Magda
Szanowna Pani,
zgadzam się z rozstrzygnięciem dr. Adama Wolańskiego przedstawionym w drugiej poradzie. Polska interpunkcja – podobnie jak ortografia – w ogromnej większości wypadków opiera się na konwencji, często odmiennej od konwencji innych języków. To oczywisty fakt. Prawdą jest również, że nie zawsze konwencja ta idzie w parze z indywidualnym odczuciem poszczególnych osób (do takich właśnie indywidualnych odczuć nawiązuje porada prof. Mirosława Bańki, ukryta pod pierwszym podanym przez Panią linkiem), ale obawiam się, że gdybyśmy w pisowni zawsze ulegali jednostkowym – przecież bardzo różnorodnym – przyzwyczajeniom, gustom, wyborom, zrodziłby się chaos poprawnościowy (który być może części użytkowników języka by odpowiadał, lecz z pewnością nie wszystkim).

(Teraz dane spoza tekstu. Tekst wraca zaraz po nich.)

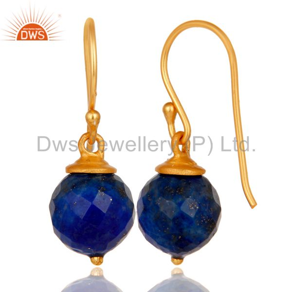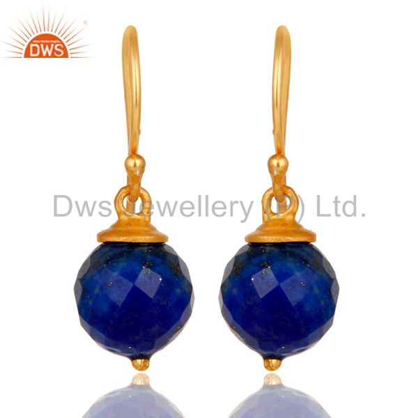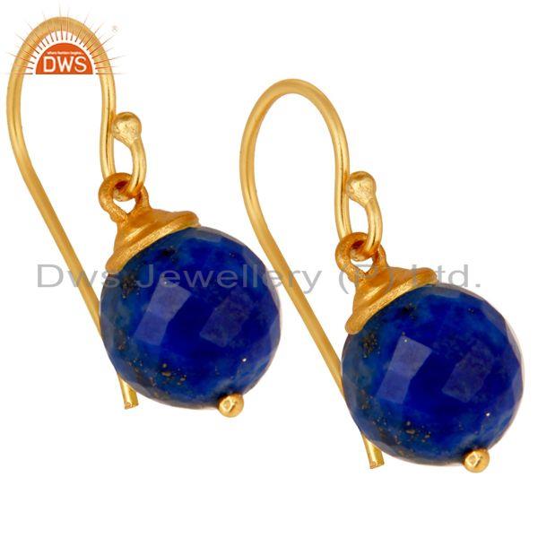 18K Yellow Gold Plated Sterling Silver Lapis Dangle Hook Earrings For Womens
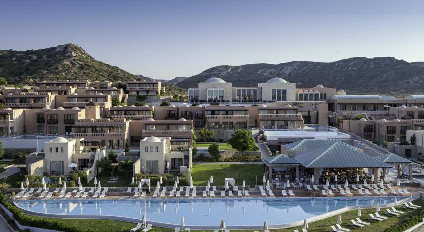 Helona Resort is a beautiful establishment located in Kardamena Kos with impressive architecture. Small buildings scattered in beautiful gardens, elegant domes, cobbled alleys, and natural materials such as stone, wood, and marble allow the entire complex to blend harmoniously with the surrounding peaceful landscape. Large windows and openings offer a fantastic view of the sunny Aegean Sea and lighten up all interior spaces. Twenty-one infinity pools enable water to flow from one to the other, inviting guests to dive into summer happiness. Helona Resort Kos Island has 238 rooms with patios and balconies, as well as convenient mini-fridges and bars. There are private bathrooms available in certain rooms. Among hotel facilities include a large swimming pool, restaurant, bar, beauty & spa canter, animation for guests and sport activities like tennis and water sports.
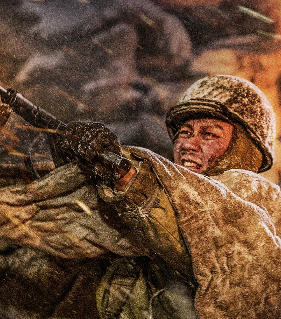 影片对英雄“成长性”的刻画,是群像叙事的点睛之笔。伍万里的转变最具代表性:初入部队时,他因好奇偷拿手榴弹,被伍千里严厉批评;第一次上战场时,他因恐惧不敢开枪;而在经历战友牺牲后,他逐渐明白“当兵不是为了耍酷,而是为了保护更多人”,最终成长为能独当一面的战士。这种成长不是“突然顿悟”,而是通过“目睹雷公牺牲”“与美军近身搏斗”等一系列事件逐步完成,符合人物心理发展逻辑。同样,梅生从“文人”到“战士”的转变也刻画得细腻可信——他随身携带女儿的照片,在战斗间隙会拿出课本翻看,这些细节展现了他“为人父、为人师”的身份,而在关键时刻,他又能毫不犹豫地拿起武器冲锋,这种“多重身份的叠加”让英雄形象更立体。

Oczywiście nie można zupełnie ignorować pewnych wyraźnych, zauważalnych tendencji pisowniowych, o ile nie pozostają one całkowicie w sprzeczności z kanonicznymi zasadami polszczyzny. Taką tendencją jest stawianie znaku interpunkcyjnego (najczęściej – na wzór anglosaski i bez sprawdzenia rozstrzygnięć w polskich źródłach – przecinka między formułą kończącą e-mail a podpisem autora listu). Dlatego przyjmuje się, że aby wzmocnić rozdzielenie formuły pożegnalnej (Pozdrawiam, Łączę wyrazy szacunku itd.) i podpisu (Ania, Jan Kowalski), a tym samym podkreślić akt pożegnania i zakończenia wypowiedzi korespondencyjnej, czyli do zapisu dodać akcent może nawet emocjonalny, można stosować myślnik (lub półpauzę), np.
Pozdrawiam –
Ania
Łączę wyrazy szacunku –
Jan Kowalski
Pamiętajmy jednak, że przecinek i myślnik (bądź półpauza) nie we wszystkich sytuacjach są wymienne. Tutaj – w moim przekonaniu – nie.